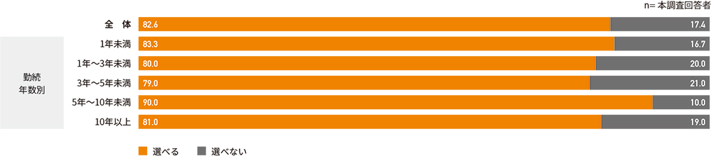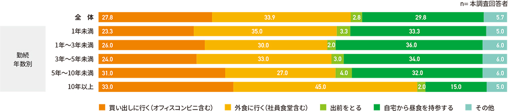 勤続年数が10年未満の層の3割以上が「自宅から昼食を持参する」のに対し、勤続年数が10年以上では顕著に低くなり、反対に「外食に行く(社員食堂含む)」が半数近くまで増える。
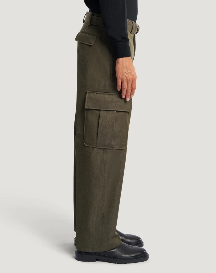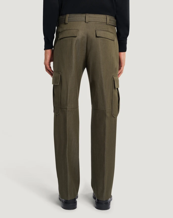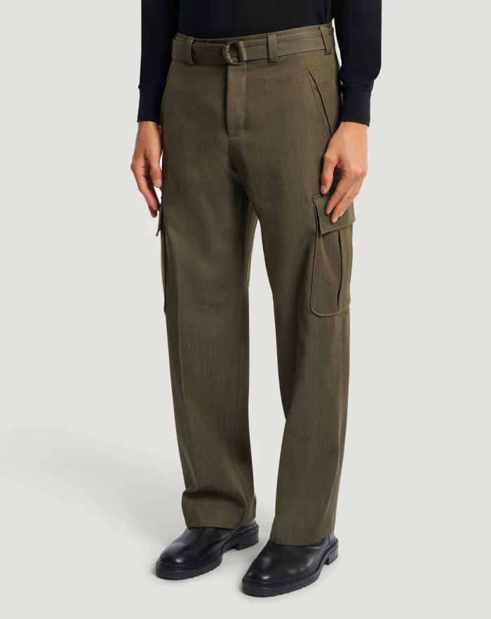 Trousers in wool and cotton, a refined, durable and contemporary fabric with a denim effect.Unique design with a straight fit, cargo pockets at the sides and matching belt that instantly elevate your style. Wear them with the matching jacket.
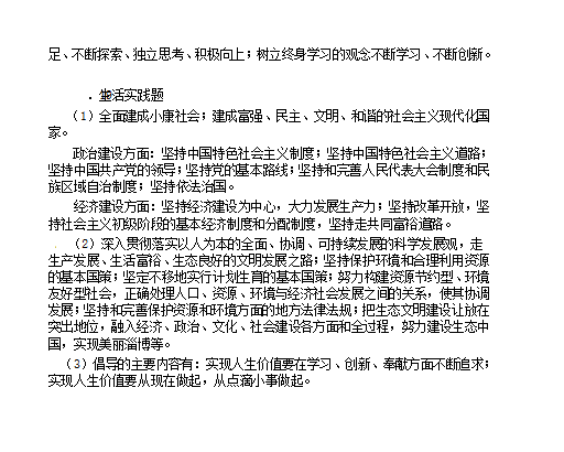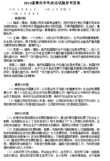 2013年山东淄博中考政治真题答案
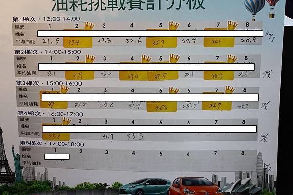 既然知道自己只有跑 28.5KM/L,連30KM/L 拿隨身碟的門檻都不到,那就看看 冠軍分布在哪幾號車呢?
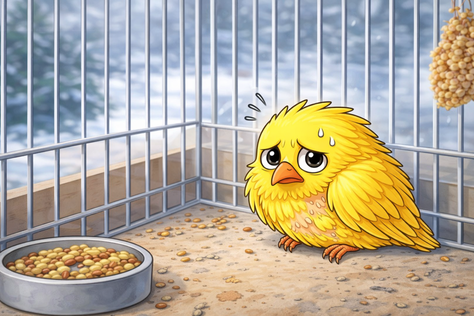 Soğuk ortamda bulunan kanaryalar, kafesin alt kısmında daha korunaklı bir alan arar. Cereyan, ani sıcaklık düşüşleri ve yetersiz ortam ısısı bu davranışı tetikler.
════════
> **ASSIGNMENT**
Each line from the one that holds "Trousers in wool" through the end of the material should be repeated exactly, and nothing more. Leave out any picture.

> **WRITTEN REPLY**
 Trousers in wool and cotton, a refined, durable and contemporary fabric with a denim effect.Unique design with a straight fit, cargo pockets at the sides and matching belt that instantly elevate your style. Wear them with the matching jacket.
 2013年山东淄博中考政治真题答案
 既然知道自己只有跑 28.5KM/L,連30KM/L 拿隨身碟的門檻都不到,那就看看 冠軍分布在哪幾號車呢?
 Soğuk ortamda bulunan kanaryalar, kafesin alt kısmında daha korunaklı bir alan arar. Cereyan, ani sıcaklık düşüşleri ve yetersiz ortam ısısı bu davranışı tetikler.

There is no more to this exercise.